Performance Metrics
Event Throughput (events/s)
| Max | Avg | Min |
|---|---|---|
| 60.8 | 46.67 | 38.8 |
TTFE - Time To First Event (ms)
| Avg | Min | Max | P50 | P90 | P95 |
|---|---|---|---|---|---|
| 94.55 | 41.0 | 2228.0 | 51.0 | 98.3 | 169.45 |
Connections
| Max Concurrent | Avg Active |
|---|---|
| 22.0 | 13.6 |
Empty Workflow QPS
| Max QPS | Avg QPS | Avg Duration (ms) |
|---|---|---|
| 71.0 | 36.37 | 215.61 |
Metrics Definition
Event Throughput (events/s)
The rate of SSE (Server-Sent Events) received per second. This metric indicates the system's capacity to handle streaming data.
- Max: Peak throughput during the test
- Avg: Average throughput across the entire test duration
- Min: Lowest throughput observed
TTFE - Time To First Event (ms)
The latency from sending a request to receiving the first SSE event. This is a critical user experience metric for streaming applications.
- Average: Mean latency across all requests
- Minimum: Best-case latency observed
- Maximum: Worst-case latency observed
- P50 (Median): 50% of requests completed faster than this value
- P90: 90% of requests completed faster than this value
- P95: 95% of requests completed faster than this value
Connections
Measures the concurrent SSE connection capacity of the system.
- Max Concurrent Connections: Maximum number of simultaneous SSE connections
- Avg Active Connections: Average number of active connections during the test
Empty Workflow QPS
Performance of the minimal API path without external dependencies (e.g., LLM calls). This measures pure system capacity.
- Max QPS: Peak requests per second achieved
- Avg QPS: Average requests per second
- Avg Duration: Average request duration in milliseconds
Test Environment
The benchmark was executed in a Kubernetes cluster environment.
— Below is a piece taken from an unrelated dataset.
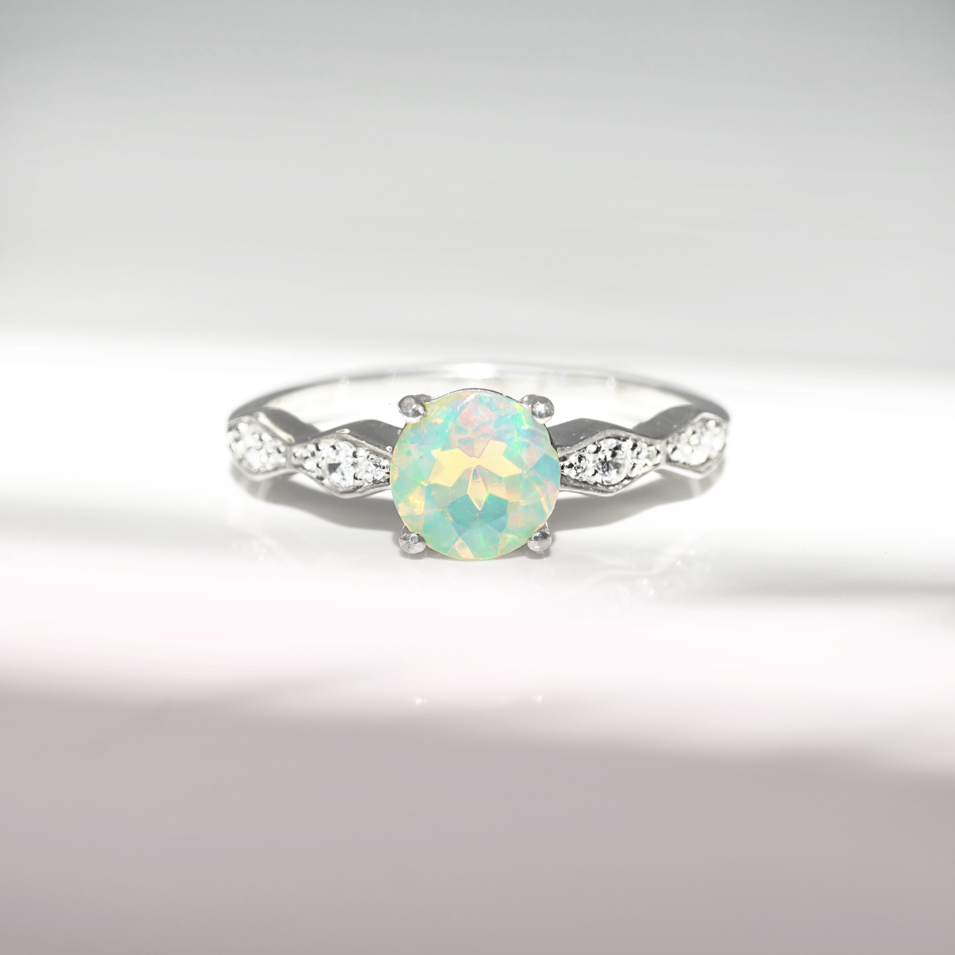 Introducing the breathtaking "Nebula" Opal and White Topaz Ring ā a celestial masterpiece that captures the essence of distant galaxies and cosmic wonders. Like the swirling hues of a nebula, this enchanting ring combines the captivating allure of opal with the sparkling brilliance of white topaz, creating an otherworldly and mesmerizing piece that is sure to leave you spellbound.

The dify-api service ran with 3 replicas, each configured with 1 CPU core (1000m) and 2 GB memory. Both resource limits and requests were set equally to ensure stable CPU scheduling and avoid throttling.
Configuration
api:
replicas: 3
resources:
limits:
cpu: 1000m
memory: 2048Mi
requests:
cpu: 1000m
memory: 2048Mi
Test Scenarios
Empty Workflow QPS
This scenario uses a minimal workflow containing only a Start node and an End node, with no processing logic in between. It measures the pure API throughput capacity of the system without any external dependencies or computational overhead.
Workflow Structure:
Start → End
This test helps establish the baseline performance ceiling of the Dify API infrastructure.
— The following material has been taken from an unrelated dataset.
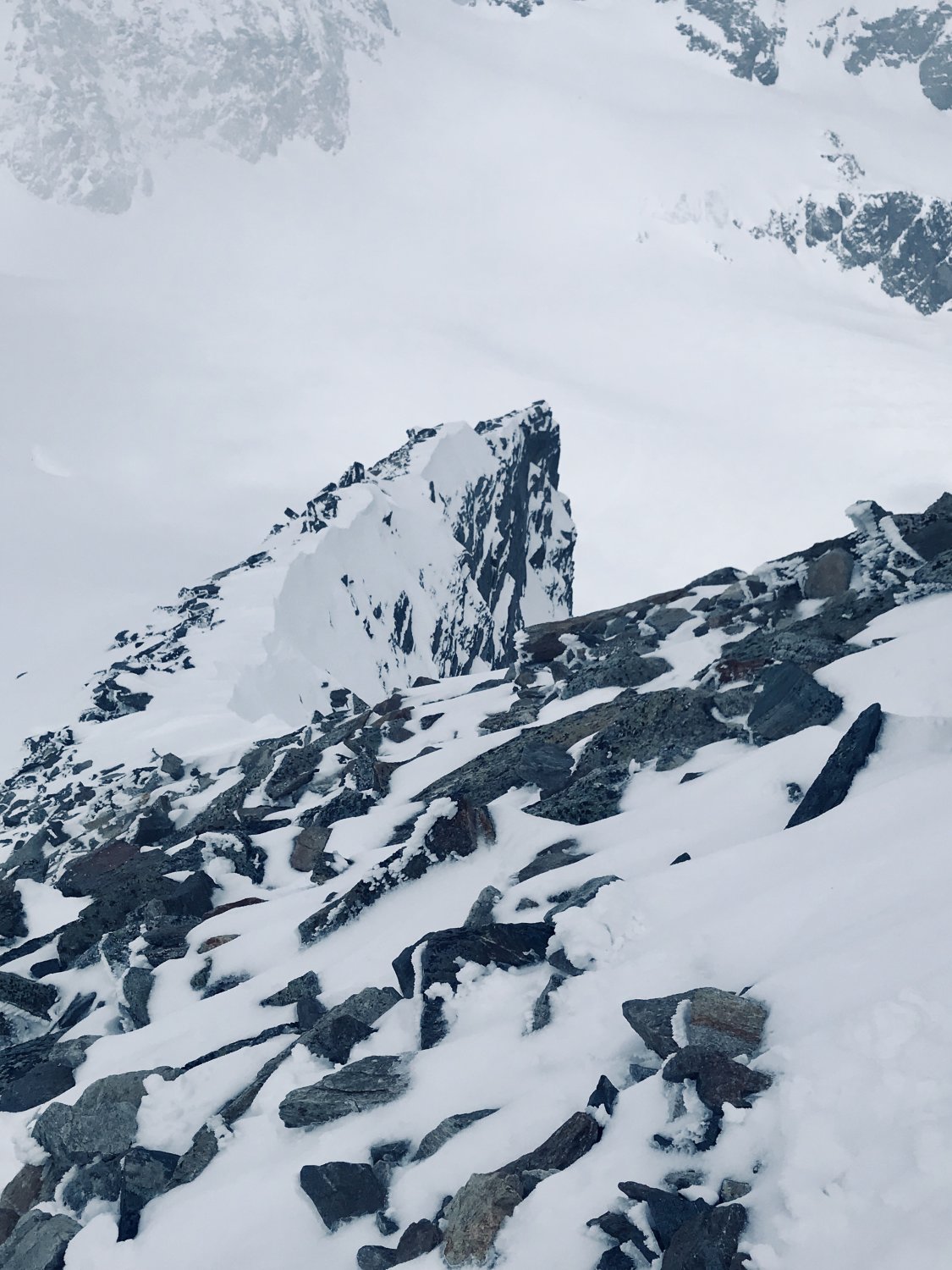 Schneearten haben wir alle angetroffen - von Presspulver über Pulver, gedeckelter Schnee, Bruchharsch, Sulz und Nassschnee. Firn- Hartschnee nur kurz an Graten und Übergängen.

TTFE, Connections, and Event Throughput
These metrics are measured using a workflow that includes an LLM node: Start → LLM → End.
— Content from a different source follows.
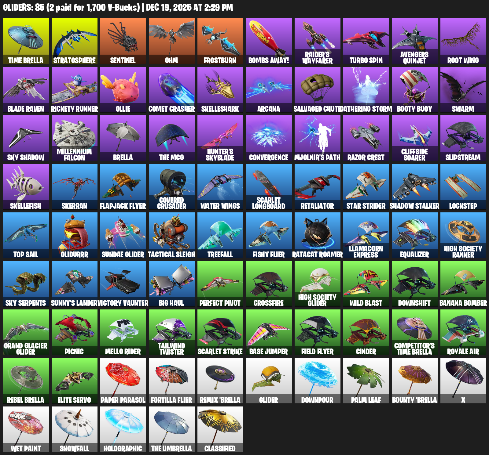 Time Brella, Stratosphere, Ohm, Frostburn, Bombs Away!, Raider’s Wayfarer, Turbo Spin, Avengers Quinjet, Root Wing, Blade Raven, Rickety Runner, Ollie, Comet Crasher, Skelleshark, Arcana, Salvaged Chute, Gathering Storm, Booty Buoy, Swarm

To eliminate external dependencies and ensure consistent, reproducible results, we mock the OpenAI API server rather than calling real LLM services. This approach:
- Removes variability from actual LLM response times
- Ensures stable and predictable test conditions
- Allows us to isolate Dify's streaming performance characteristics
Workflow Structure:
Start → LLM → End
The mocked LLM server returns simulated streaming responses to test SSE (Server-Sent Events) handling, connection management, and event throughput under controlled conditions.